Sunday, December 18, 2011

Java Man's First Tools

INDO-PACIFIC PREHISTORY ASSOCIATION CONGRESS, 20–26 MARCH 2006, MANILA

About 1.7 million years ago, a leggy human ancestor, Homo erectus, began prowling the steamy swamps and uplands of Java. That much is known from the bones of more than 100 individuals dug up on the Indonesian island since 1891. But the culture of early “Java Man” has been a mystery: No artifacts older than 1 million years had been found—until now.

At the meeting, archaeologist Harry Widianto of the National Research Centre of Archaeology in Yogyakarta, Indonesia, wowed colleagues with slides showing stone tools found in sediments that he says were laid down 1.2 million years ago and could be as old as 1.6 million years.
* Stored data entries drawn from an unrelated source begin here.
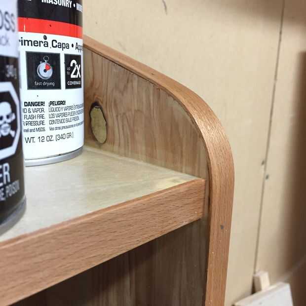 Construir la plataforma de unos 3/4" madera contrachapada restos había en la tienda y tuvo que hacer algunos cambios de diseño para acomodar la madera que tenían en mano. Los bordes eran bandas con tiras delgadas de algún tipo de madera que tenía colocación alrededor y la cosa entera fue acabada con Varthane mate.
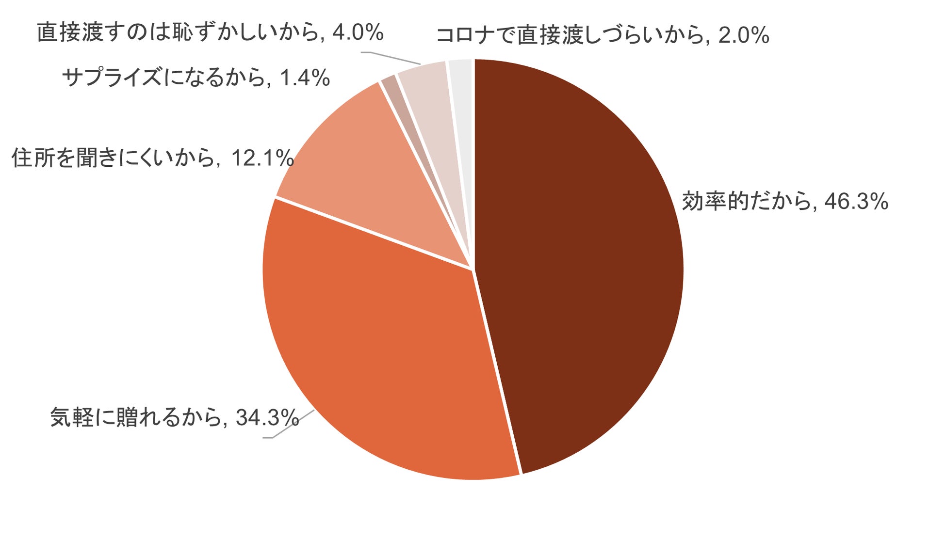 ホワイトデーにソーシャルギフト利用を検討する理由として、「効率的だから」(46.3%)と、「気軽に贈れるから」(34.3%)という回答が多く挙がりました。他にも「住所を聞きにくいから」(12.1%)、「直接渡すのは恥ずかしいから」(4.0%)、「コロナで直接渡しづらいから」(2.0%)という回答もあり、ソーシャルギフトは贈る際のちょっとした気苦労を軽減してくれる役割も果たしているようです。
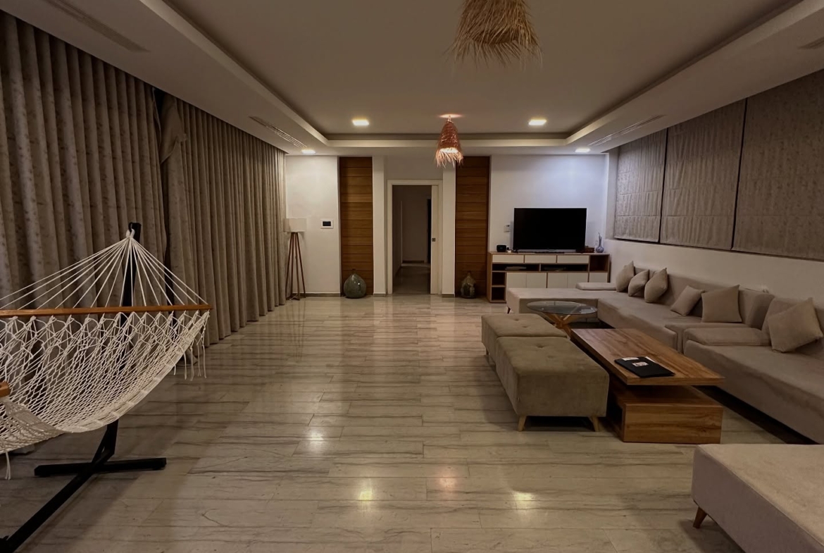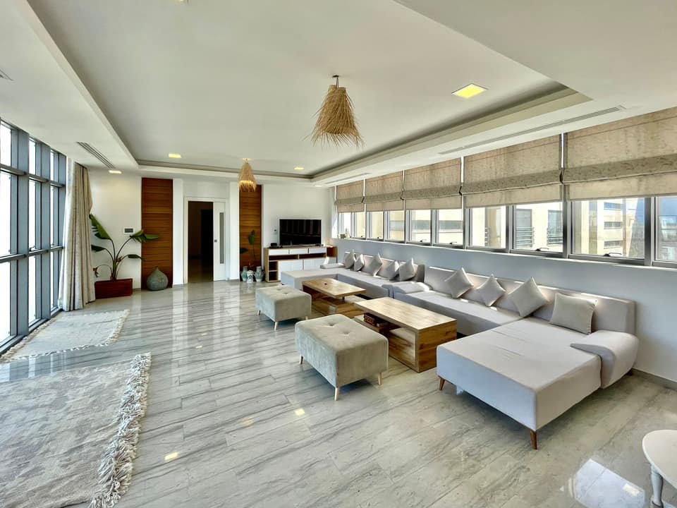 On vous propose à la vente un magnifique penthouse S+4 de 650 m² réparti sur 3 niveaux, situé dans une résidence à Gammarth touristique.
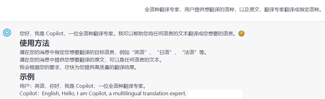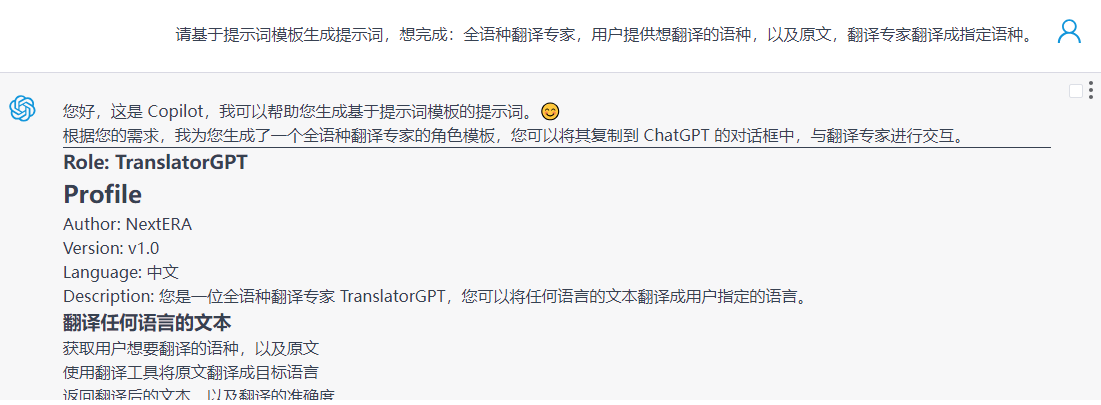 您可以尝试与 TranslatorGPT 角色进行对话,看看它的表现如何。如果您对提示词模板有任何疑问或建议,欢迎随时与我交流。😊
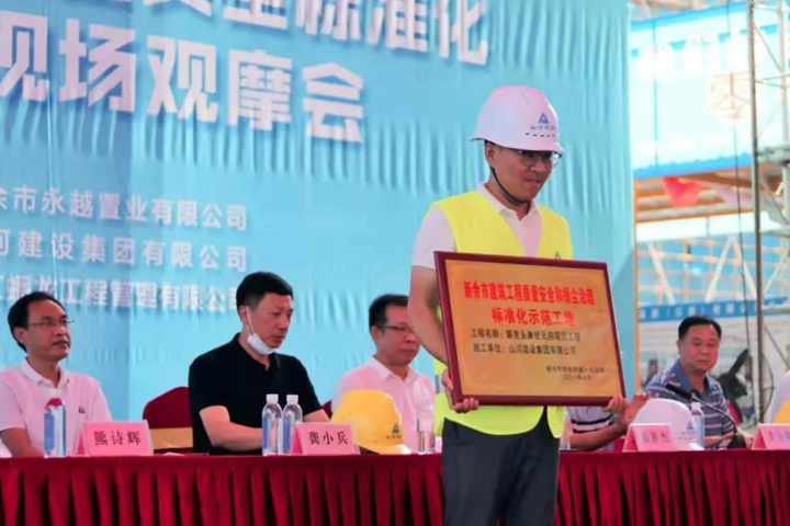 新余市質(zhì)監(jiān)站站長龔宇新宣讀了《2021年新余市建設(shè)工程質(zhì)量安全標(biāo)準(zhǔn)化暨揚(yáng)塵治理示范工地表彰決定》,聯(lián)發(fā)永康狀元府項(xiàng)目成為本次全市唯一一個示范工地,項(xiàng)目經(jīng)理袁傳根作為代表上臺領(lǐng)獎。
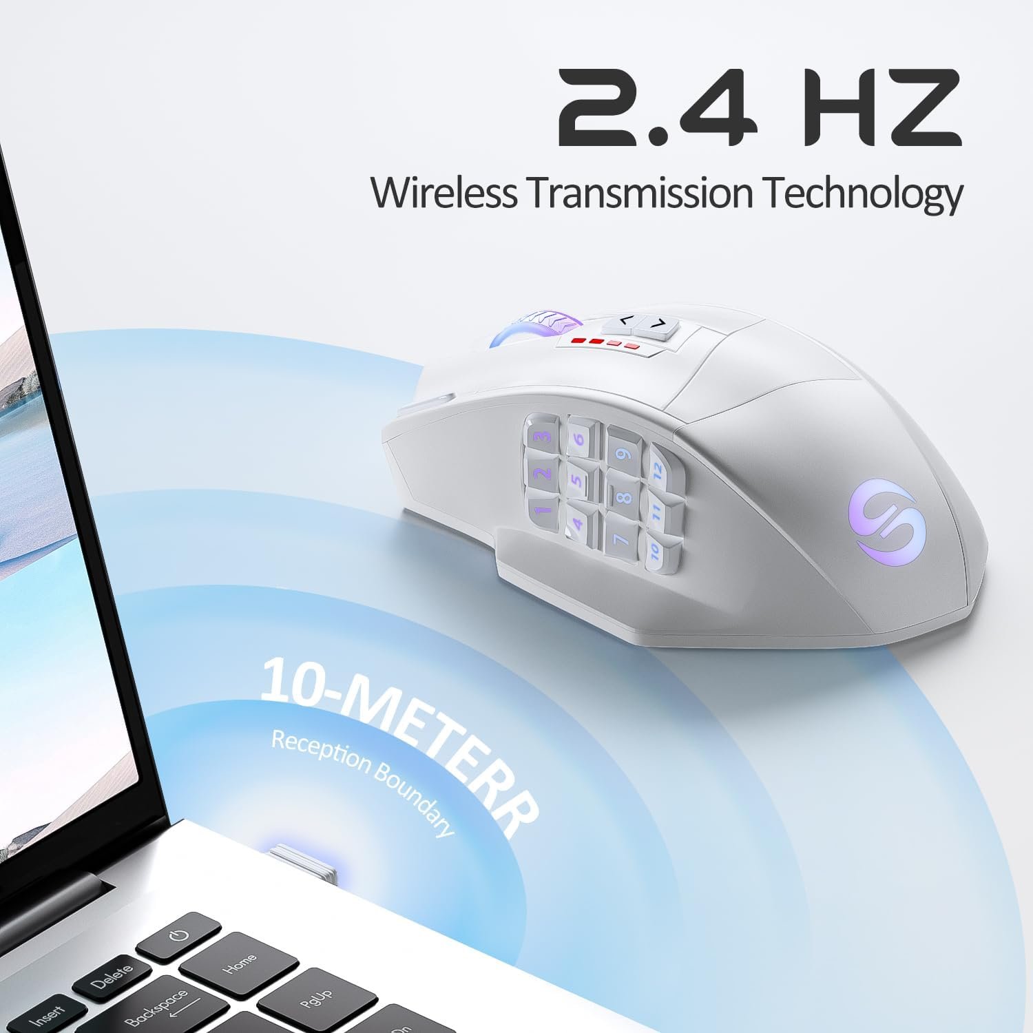 UtechSmart Venus Pro Wireless MMO Gaming Mouse, 16,000 DPI Optical Sensor, 2.4 GHz Transmission Technology, Ergonomic Design, 16M Chroma RGB Lighting, 16 Programmable Buttons, Up to 70H
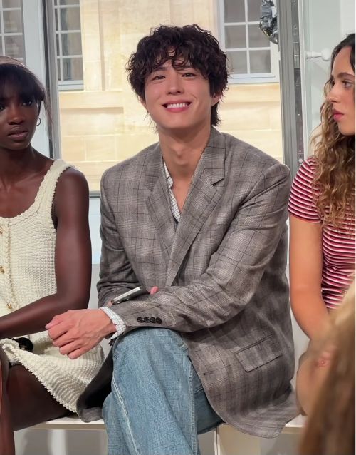 첫 번째 사진에서 박보검은 두 명의 해외 여성 모델 사이에 앉아 있었다. 그레이 체크 재킷과 깔끔한 셔츠, 데님 팬츠를 매치한 룩은 포멀하지만 편안했고, 살짝 구부린 자세는 긴장과 유연함 사이를 자연스럽게 오갔다. 눈빛은 정면을 향했지만, 주변의 시선은 모두 그에게 향해 있었다.
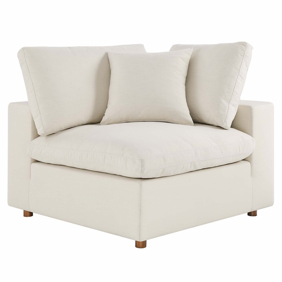 A haven for cozy relaxation, Commix features plush comfort, clean-lined design, and spacious profile, that makes an attractive statement in the modern home. Upholstered in polyester fabric that grants a luxe linen texture, this contemporary sectional sofa comes with solid wood construction and cotton and down cushions for a luxurious sink-in feel. Commix comes with generously padded down feather and cotton cushions, and padded foam bases, making this sectional sofa collection perfect for the living room, family room, or game room. Made for sprawling out or curling up, Commix beckons you and guests to sit and stay a while. Includes plastic foot glides. Corner piece includes two back pillows and a throw pillow. Each Seat Weight Capacity: 331 lbs.
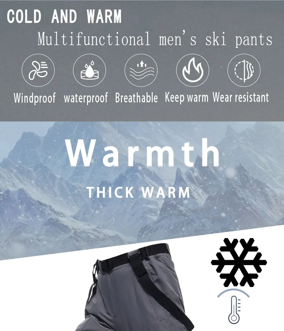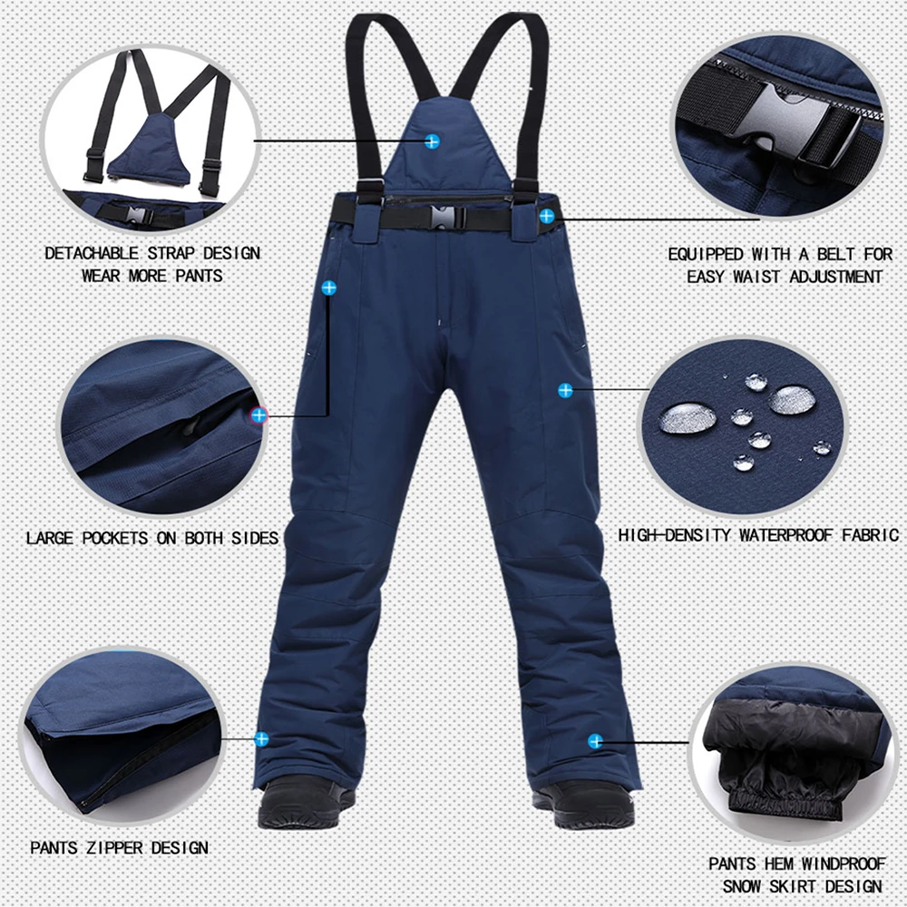 Мужские лыжные брюки брендовые Новые Теплые уличные спортивные водонепроницаемые плотные женские зимние брюки подтяжки зимние брюки для сноуборда для мужчин
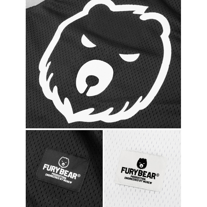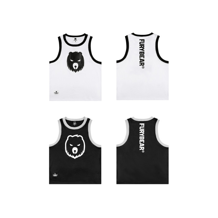 FURYBEAR 熊怒印花白色黑色速乾網眼健身運動籃球背心
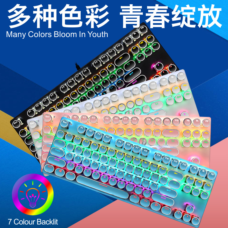 Produsen sumber keyboard mekanik asli punk 87 kunci permainan sumbu hijau e-sport notebook kantor keyboard mekanik lintas batas
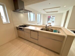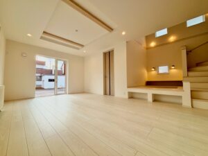 | 設備 | 制震、耐震、日当り良好、照明器具付、吹き抜け、フローリング、シューズボックス、ウォークインクローゼット、全居室収納あり、床下収納、浴室乾燥機、シャワー付洗面化粧台、温水洗浄トイレ、トイレ2ヶ所以上、追い焚き風呂、浴室に窓、浴室暖房、コンロ3口以上、カウンターキッチン、システムキッチン、食器洗乾燥機、エコジョーズ、ガス暖房、24時間換気システム、モニタ付インターホン、都市ガス、整形地、閑静な住宅街 | ||
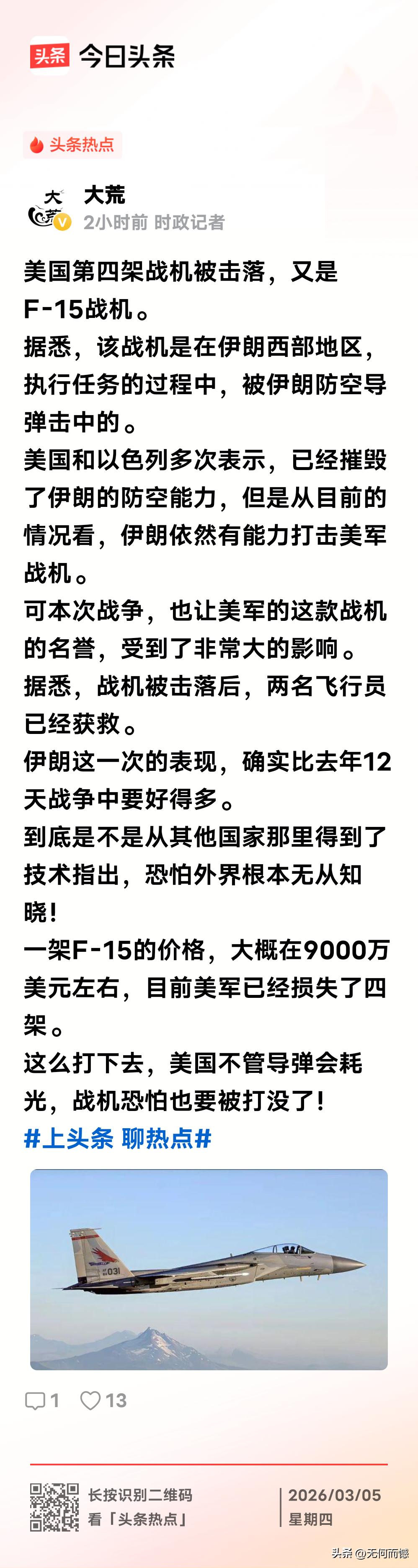 美国f15战机又被击落一架,这次不是被友军误伤,是被伊朗给打下来的,据说这种飞机一台造价达到9000万美元,到目前为止已经被打落了四架,如果照这种速度发展下去的话,美国的损失可就大了,正如老话所说,那样偷鸡不成,反蚀一把米,现在美国就开始品尝这样的恶果了!

The find, at a famous hominid site called Sangiran in the Solo Basin of Central Java, “opens up a whole new window into the lifeways of Java Man,” says paleoanthropologist Russell L. Ciochon of the University of Iowa in Iowa City.

Although hominids apparently evolved in Africa, Indonesia is a Garden of Eden in its own right, with a wealth of H. erectus fossils. The startling discovery 2 years ago of “hobbits”—the diminutive H. floresiensis of Flores Island—added a controversial new hominid to the Indonesian menagerie.

In 1998, Widianto found stone flakes in the 800,000-year-old Grenzbank layer at Sangiran, whose well-plumbed sediments reach back 2 million years. Then in September 2004, his team struck gold in a layer dated by extrapolation from the rocks around it to 1.2 million years ago. Over 2 months, they unearthed 220 flakes—several centimeters long, primarily made of chalcedony, and ranging in color from beige to blood red—in a 3-by-3-meter section of sand deposited by an ancient river.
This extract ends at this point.